- What is being asked -
Look through the entries below and copy exactly the part that begins with the line containing "in 2003 | |" and ends with the line containing "วันศุกร์ที่ 21 พฤศจิกายน". Do not copy the pictures.

- Dataset content -
+--
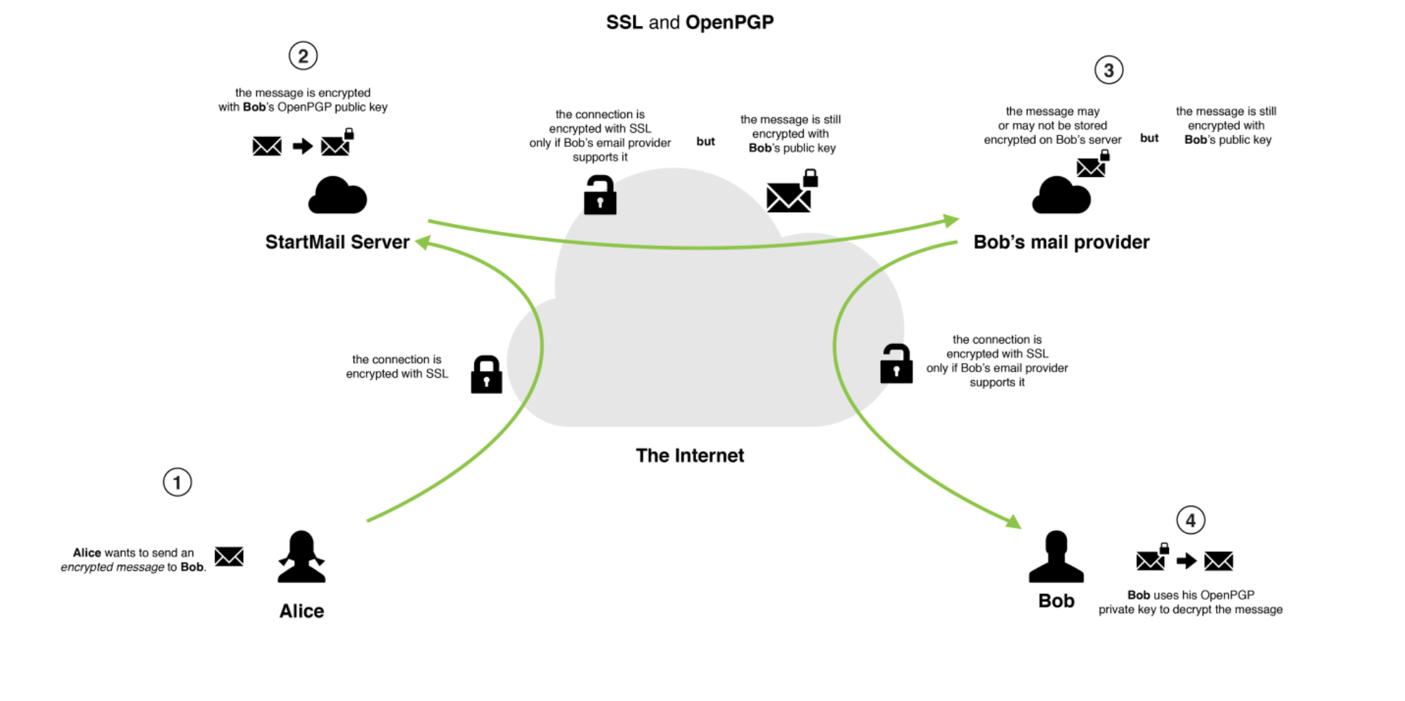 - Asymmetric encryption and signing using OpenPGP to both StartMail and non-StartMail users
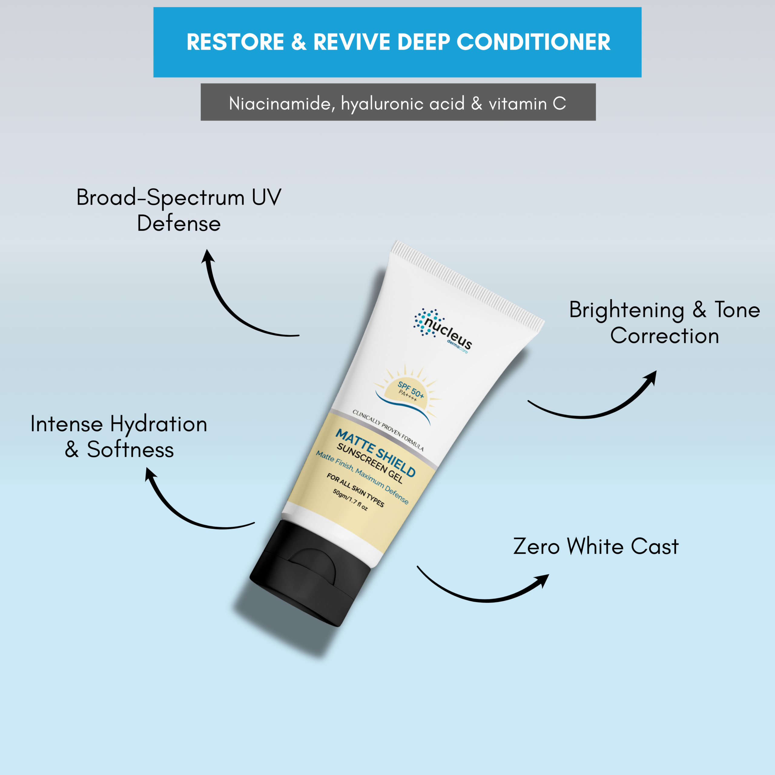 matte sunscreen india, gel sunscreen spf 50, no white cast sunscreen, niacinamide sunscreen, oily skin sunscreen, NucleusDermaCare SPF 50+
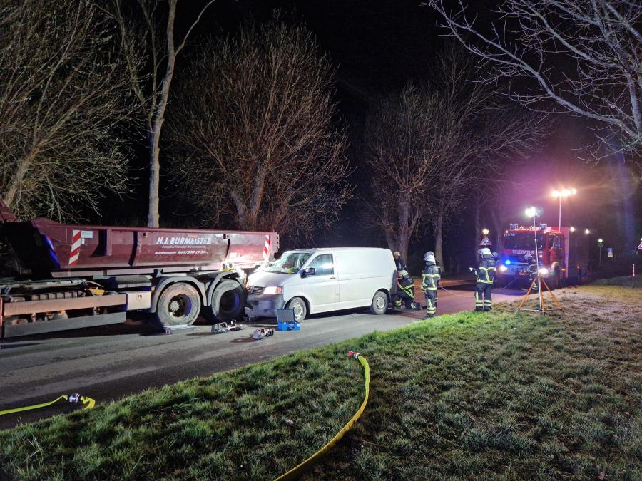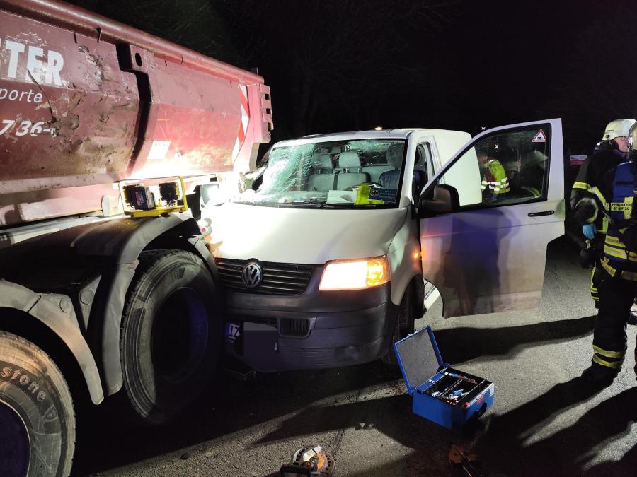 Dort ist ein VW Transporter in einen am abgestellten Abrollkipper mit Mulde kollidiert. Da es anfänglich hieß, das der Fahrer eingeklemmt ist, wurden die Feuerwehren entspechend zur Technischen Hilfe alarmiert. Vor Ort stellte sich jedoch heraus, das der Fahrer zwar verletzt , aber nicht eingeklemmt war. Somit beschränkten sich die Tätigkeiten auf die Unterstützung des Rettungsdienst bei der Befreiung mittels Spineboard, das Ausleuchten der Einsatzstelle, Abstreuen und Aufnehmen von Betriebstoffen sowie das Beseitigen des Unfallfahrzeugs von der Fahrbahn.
+--
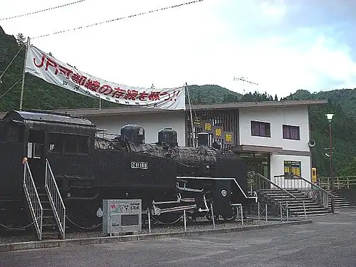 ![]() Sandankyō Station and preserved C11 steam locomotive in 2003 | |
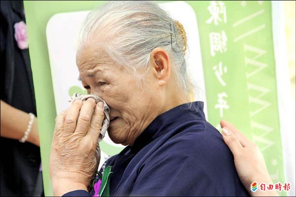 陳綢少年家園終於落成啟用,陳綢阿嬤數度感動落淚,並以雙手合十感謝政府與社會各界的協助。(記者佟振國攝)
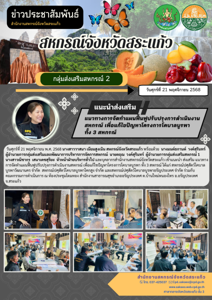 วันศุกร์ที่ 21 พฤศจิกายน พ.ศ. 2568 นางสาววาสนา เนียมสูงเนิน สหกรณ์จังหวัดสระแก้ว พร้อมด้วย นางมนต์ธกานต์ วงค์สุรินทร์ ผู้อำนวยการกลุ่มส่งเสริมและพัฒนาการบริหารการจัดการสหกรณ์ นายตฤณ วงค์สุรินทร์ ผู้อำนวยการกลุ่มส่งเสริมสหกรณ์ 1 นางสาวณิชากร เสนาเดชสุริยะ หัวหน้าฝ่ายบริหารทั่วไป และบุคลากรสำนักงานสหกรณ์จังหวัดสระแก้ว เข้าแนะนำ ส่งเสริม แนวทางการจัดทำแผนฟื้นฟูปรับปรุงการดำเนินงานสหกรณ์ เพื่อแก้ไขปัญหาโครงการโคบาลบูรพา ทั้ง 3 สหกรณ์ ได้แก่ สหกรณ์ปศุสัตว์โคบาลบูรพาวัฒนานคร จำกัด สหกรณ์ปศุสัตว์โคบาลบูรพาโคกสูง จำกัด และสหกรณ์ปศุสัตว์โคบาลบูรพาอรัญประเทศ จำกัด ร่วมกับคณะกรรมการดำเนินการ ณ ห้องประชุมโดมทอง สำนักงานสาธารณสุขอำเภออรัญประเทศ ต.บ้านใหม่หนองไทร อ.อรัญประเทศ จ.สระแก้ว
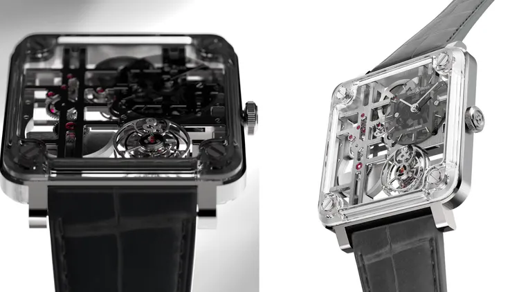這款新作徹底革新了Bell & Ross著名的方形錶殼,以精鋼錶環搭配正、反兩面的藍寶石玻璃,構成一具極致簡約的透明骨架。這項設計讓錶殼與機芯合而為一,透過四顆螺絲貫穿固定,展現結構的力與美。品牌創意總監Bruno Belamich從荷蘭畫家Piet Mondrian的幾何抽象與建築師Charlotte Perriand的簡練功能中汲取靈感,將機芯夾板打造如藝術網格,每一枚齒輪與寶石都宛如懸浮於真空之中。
+--
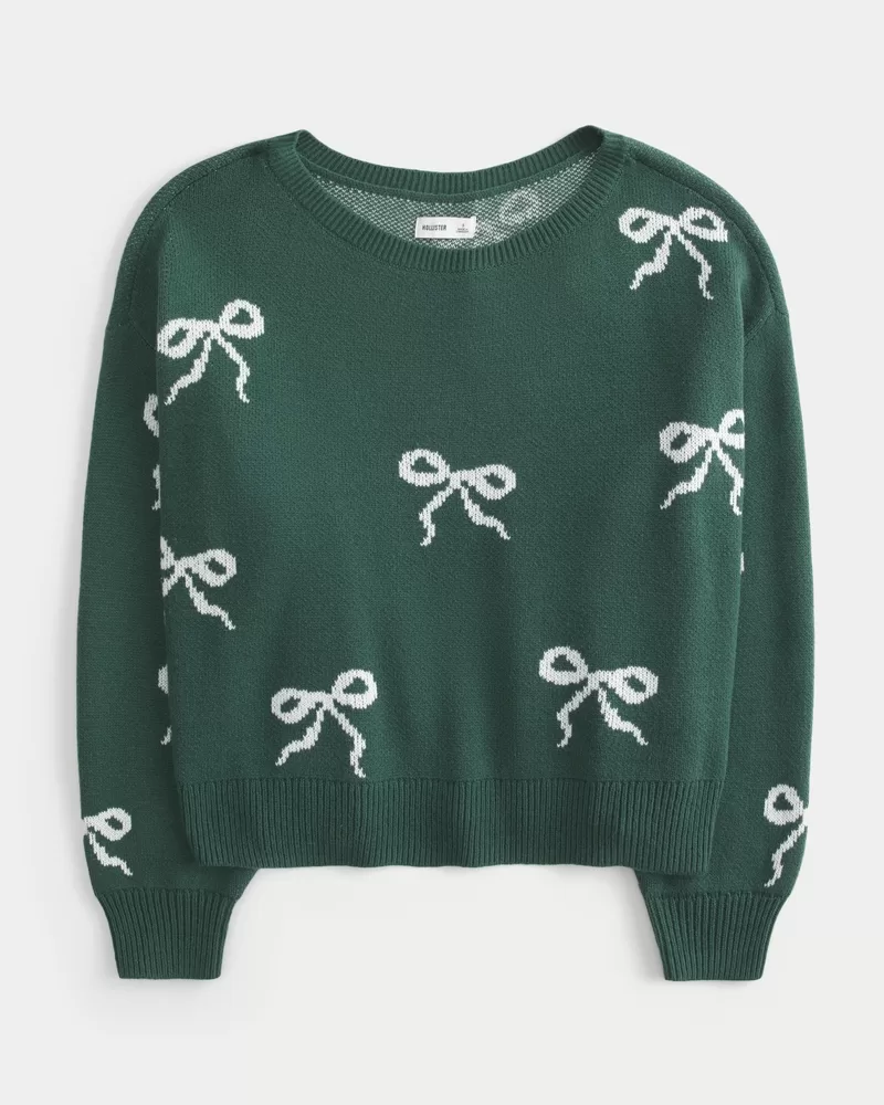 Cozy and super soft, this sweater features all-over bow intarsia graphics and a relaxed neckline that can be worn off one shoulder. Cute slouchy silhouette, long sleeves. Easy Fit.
+--
- Answer space -
 ![]() Sandankyō Station and preserved C11 steam locomotive in 2003 | |
 陳綢少年家園終於落成啟用,陳綢阿嬤數度感動落淚,並以雙手合十感謝政府與社會各界的協助。(記者佟振國攝)
 วันศุกร์ที่ 21 พฤศจิกายน พ.ศ. 2568 นางสาววาสนา เนียมสูงเนิน สหกรณ์จังหวัดสระแก้ว พร้อมด้วย นางมนต์ธกานต์ วงค์สุรินทร์ ผู้อำนวยการกลุ่มส่งเสริมและพัฒนาการบริหารการจัดการสหกรณ์ นายตฤณ วงค์สุรินทร์ ผู้อำนวยการกลุ่มส่งเสริมสหกรณ์ 1 นางสาวณิชากร เสนาเดชสุริยะ หัวหน้าฝ่ายบริหารทั่วไป และบุคลากรสำนักงานสหกรณ์จังหวัดสระแก้ว เข้าแนะนำ ส่งเสริม แนวทางการจัดทำแผนฟื้นฟูปรับปรุงการดำเนินงานสหกรณ์ เพื่อแก้ไขปัญหาโครงการโคบาลบูรพา ทั้ง 3 สหกรณ์ ได้แก่ สหกรณ์ปศุสัตว์โคบาลบูรพาวัฒนานคร จำกัด สหกรณ์ปศุสัตว์โคบาลบูรพาโคกสูง จำกัด และสหกรณ์ปศุสัตว์โคบาลบูรพาอรัญประเทศ จำกัด ร่วมกับคณะกรรมการดำเนินการ ณ ห้องประชุมโดมทอง สำนักงานสาธารณสุขอำเภออรัญประเทศ ต.บ้านใหม่หนองไทร อ.อรัญประเทศ จ.สระแก้ว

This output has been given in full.